*Activity:* Below are records to be transcribed exactly; any pictures should be left out.

Saved entries
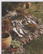
Tradiční skalka 26
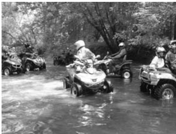
Le kdo nam kaj more?
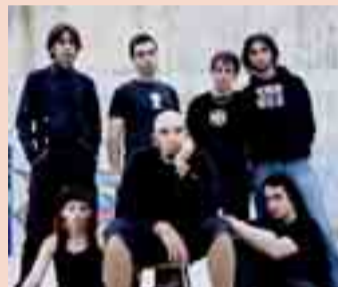
1 JULIO. 22.00 H. Noche Rock Joven
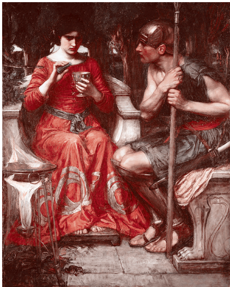
Ясон и Медea

Родоначальник — морской бог Посейдон. Он — отец Нелея, который вместе с братом-близнецом Пелием учредил Олимпийские игры, входил в число аргонавтов,
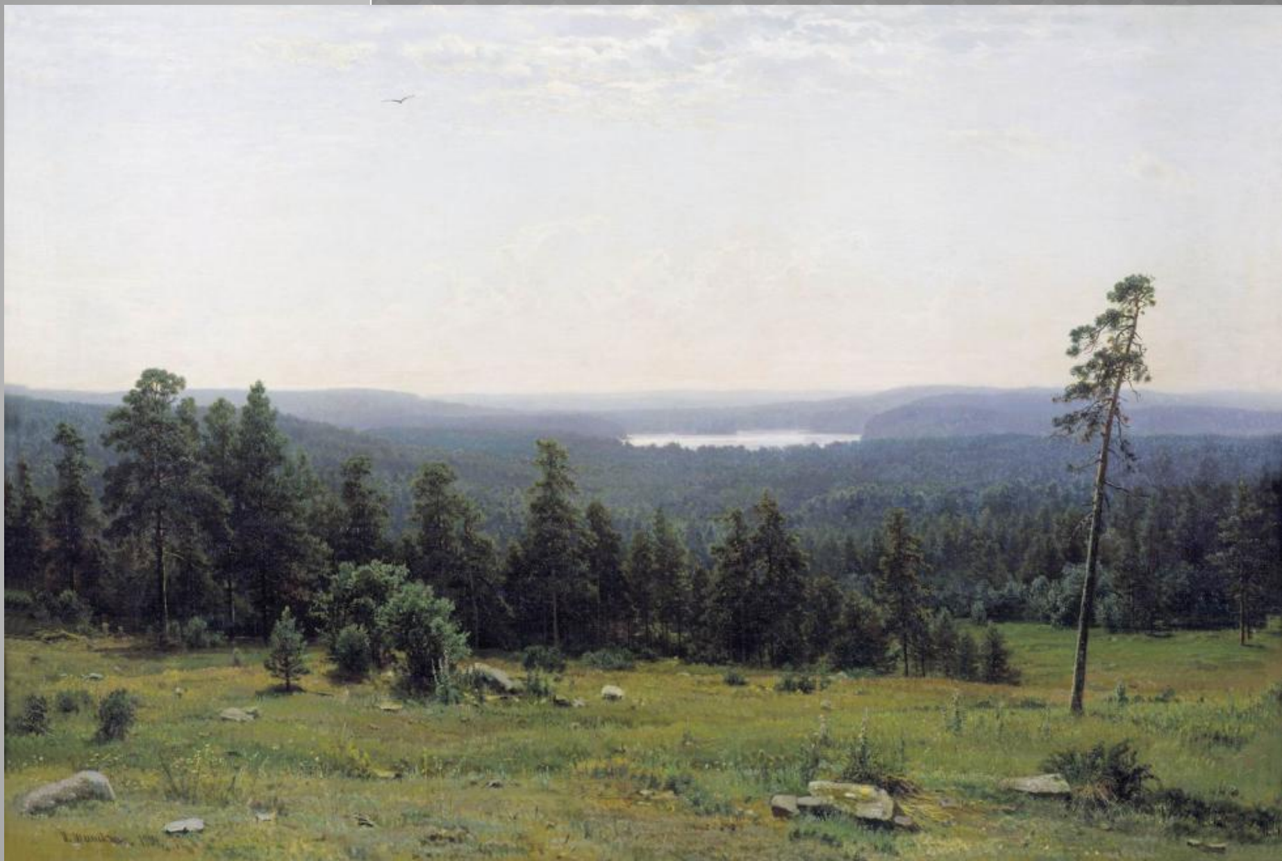
И. Шишкин «Лесные дали»
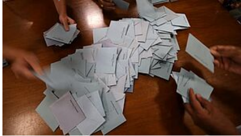
CP Election Municipale 1er tour
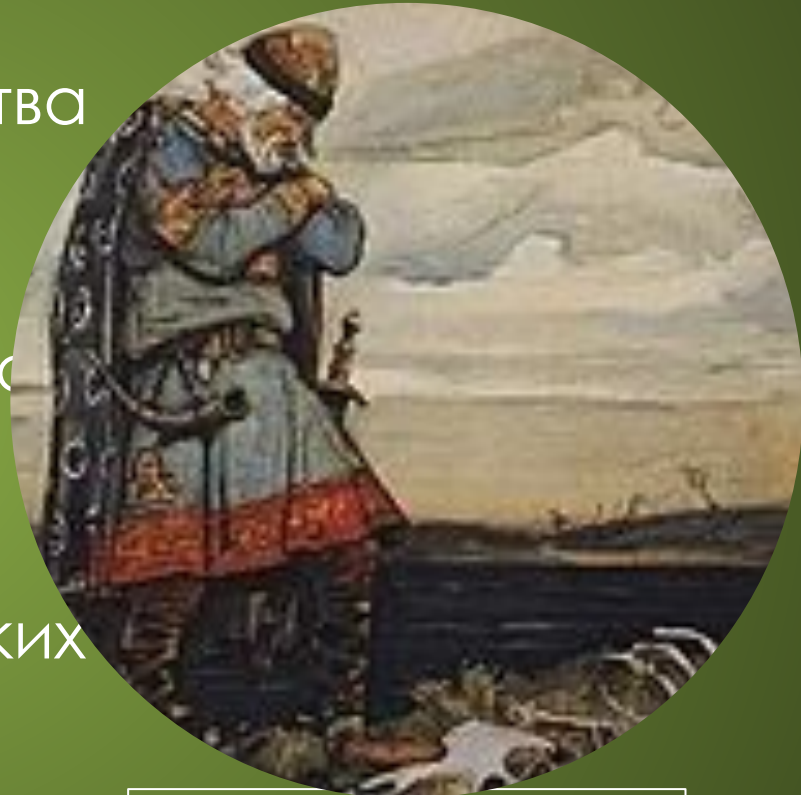
Олег у костей коня. В. М. Васнецов, 1899

*Solution below:*
Tradiční skalka 26
Le kdo nam kaj more?
1 JULIO. 22.00 H. Noche Rock Joven
Ясон и Медea

Родоначальник — морской бог Посейдон. Он — отец Нелея, который вместе с братом-близнецом Пелием учредил Олимпийские игры, входил в число аргонавтов,
И. Шишкин «Лесные дали»
CP Election Municipale 1er tour
Олег у костей коня. В. М. Васнецов, 1899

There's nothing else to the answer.